=== Source data ===

▶

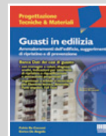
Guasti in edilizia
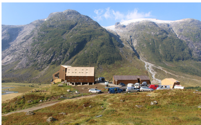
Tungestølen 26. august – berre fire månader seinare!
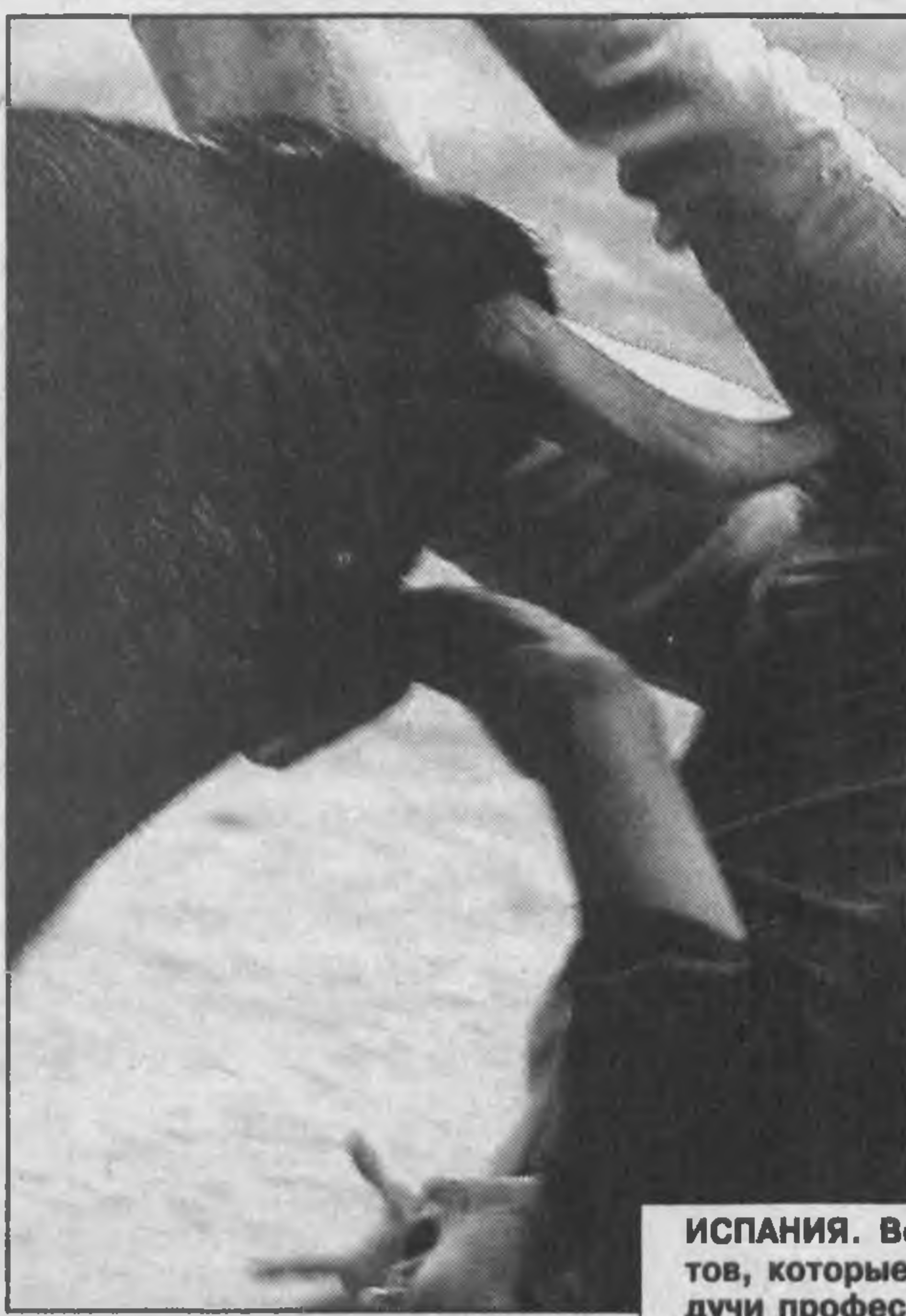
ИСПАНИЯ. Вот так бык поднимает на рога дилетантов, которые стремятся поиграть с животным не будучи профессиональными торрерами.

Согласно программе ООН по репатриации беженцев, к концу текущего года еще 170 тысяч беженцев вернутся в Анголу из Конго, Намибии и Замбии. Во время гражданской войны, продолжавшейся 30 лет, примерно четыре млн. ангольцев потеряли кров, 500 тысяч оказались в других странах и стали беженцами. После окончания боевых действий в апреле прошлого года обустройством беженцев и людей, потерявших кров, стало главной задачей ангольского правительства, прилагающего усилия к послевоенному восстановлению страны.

◀

=== Exercise ===
All of the data is to be returned exactly, with no pictures included.

=== Solution for this task ===
Guasti in edilizia
Tungestølen 26. august – berre fire månader seinare!
ИСПАНИЯ. Вот так бык поднимает на рога дилетантов, которые стремятся поиграть с животным не будучи профессиональными торрерами.

Согласно программе ООН по репатриации беженцев, к концу текущего года еще 170 тысяч беженцев вернутся в Анголу из Конго, Намибии и Замбии. Во время гражданской войны, продолжавшейся 30 лет, примерно четыре млн. ангольцев потеряли кров, 500 тысяч оказались в других странах и стали беженцами. После окончания боевых действий в апреле прошлого года обустройством беженцев и людей, потерявших кров, стало главной задачей ангольского правительства, прилагающего усилия к послевоенному восстановлению страны.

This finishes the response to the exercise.